But wait, there's more!

No sooner had I posted on Monday about being suddenly flooded with new projects (to wit: William Blake’s Inn, possible new play to direct, and a Large Art Burn for Alchemy), than I discovered that I may be co-writing a new musical.

I can explain.

A former student — as in, from 40 years ago — posted on Facebook that he was in the mood to create the next great American musical and asked for ideas. (Since we’re in the gestational phase of the whole thing, and since I haven’t cleared this post with him, he will be anonymous for the time being.) He’s a rock musician/DJ/sound guy, so this is an actual possibility.

Go read “Simon’s Dad,” a short story by Maupassant, I suggested.

This was not without a touch of self-interest. Years ago, when I first read the story, I thought it would make a great musical.

Synopsis: Simon is a little boy in a French village, whose mother, “La Blanchotte,” made the mistake of falling for a soldier who promised marriage, fathered her son, then moved on. Although respectable in every other regard, she is shunned by the village. On his first day at school, Simon is taunted because he doesn’t have a dad. Distraught, he ends up down by the river, where he first considers drowning himself but then is distracted by a frog.

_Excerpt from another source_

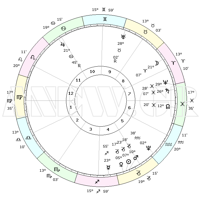 | | ΘΕΣΕΙΣ ΠΛΑΝΗΤΩΝ ΑΣΤΡΟΛΟΓΙΚΟΥ ΧΑΡΤΗ ΤΗΣ ΣΤΙΓΜΗΣ ΑΥΤΗΣ | | | | Πλανήτης | Ζώδιο | Μοίρες | Δεκαήμ. | Σε οίκο | Απόκλιση | | Ακμές των οίκων | | Ηλιος | Αιγόκερως | 07°19' | Πρώτο | 5 | 23 S 14 | | 1ος | 26°52' | Λέων | | Σελήνη | Κριός | 20°07' | Τρίτο | 9 | 10 N 49 | | 2ος | 20°24' | Παρθένος | | Ερμής | Τοξότης | 23°49' | Τρίτο | 4 | 23 S 30 | | 3ος | 18°46' | Ζυγός | | Αφροδίτη | Αιγόκερως | 05°11' | Πρώτο | 5 | 23 S 43 | | 4ος | 21°38' | Σκορπιός | | Αρης | Αιγόκερως | 10°15' | Δεύτερο | 5 | 23 S 54 | | 5ος | 26°03' | Τοξότης | | Δίας | Καρκίνος | 21°46'R | Τρίτο | 11 | 21 N 54 | | 6ος | 28°16' | Αιγόκερως | | Κρόνος | Ιχθείς | 26°06' | Τρίτο | 8 | 03 S 38 | | 7ος | 26°52' | Υδροχόος | | Ουρανός | Ταύρος | 28°02'R | Τρίτο | 10 | 19 N 31 | | 8ος | 20°24' | Ιχθείς | | Ποσειδώνας | Ιχθείς | 29°28' | Τρίτο | 8 | 01 S 26 | | 9ος | 18°46' | Κριός | | Πλούτωνας | Υδροχόος | 02°38' | Πρώτο | 6 | 23 S 14 | | 10ος | 21°38' | Ταύρος | | Β. Δεσμός | Ιχθείς | 12°20' | Δεύτερο | 7 | 06 S 56 | | 11ος | 26°03' | Δίδυμοι | | Ωροσκόπος | Λέων | 26°52' | Τρίτο | | | 12ος | 28°16' | Καρκίνος | | Μεσουράνημα | Ταύρος | 21°38' | Τρίτο | | | |
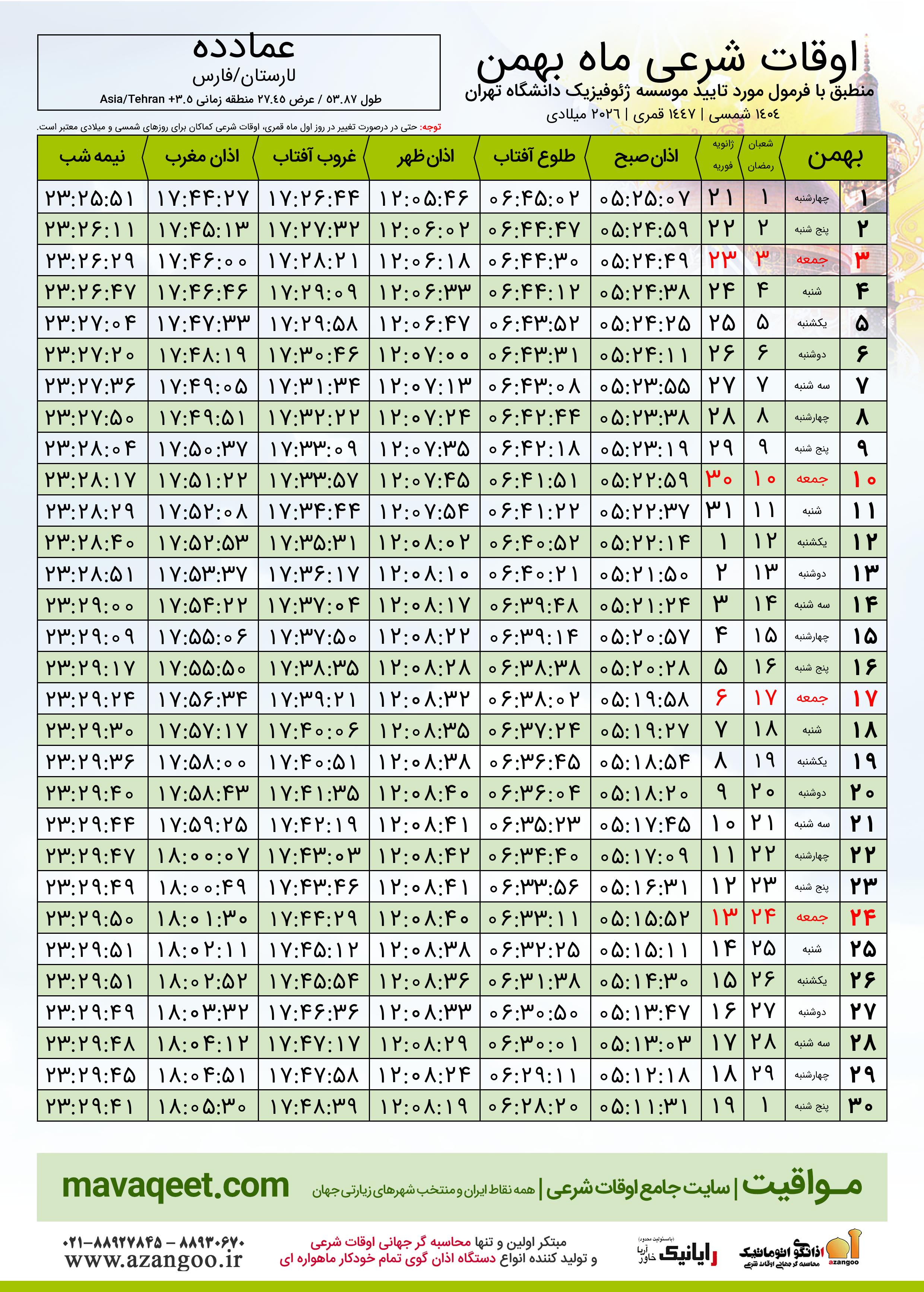 جدول اوقات شرعی بهمن ١٤٠٤ شمسی شهر عمادده

He is interrupted by Philip, the new blacksmith, who just happens to be tall, bearded, and possessed of curly black hair. Philip takes him home, thinking he might score with La Blanchotte, but her austere manner nixes that idea. Simon asks Philip if he’ll be his dad, and jokingly Philip agrees.

Things progress, and a few months later Simon’s chief tormentor at school challenges Simon’s assertion that Philip is his dad: If he were, then he would be married to Simon’s mom. Simon runs to the smithy, crying, and tells Philip this. The other blacksmiths opine that La Blanchotte is a fine woman, a worthy woman, and would make a good wife for an honest man. Besides, they add, there’s more than one woman in the village who sinned the same way La Blanchotte did; they just weren’t jilted like she was.

Philip goes to La Blanchotte’s cottage and proposes, thus becoming for real “Simon’s dad.”

See? Is this not the next Disney musical? Turn, turn, KICK turn, YES, IT WILL WORK!

My co-author soon returned to Facebook as excited as I thought he would be at the prospect. (It is a very moving story.)

I actually began a WASTE BOOK notebook years ago to sketch the thing out, opening up the scenario to provide more stage plotting (mean girl Yvette and her gossipy mother, etc.), and even scribbling some lyrics to a couple of the songs. [I see that I used the same structure that I’m using in the William Blake’s Inn notebook, with a table of contents/index up front, and then randomly noted ideas on numbered pages.] [Also, in writing this post and double-checking the original story, I find that my adaptation has stuck in my head more than the original.]

So who knows? If my former student is serious about this, we may actually get this one done.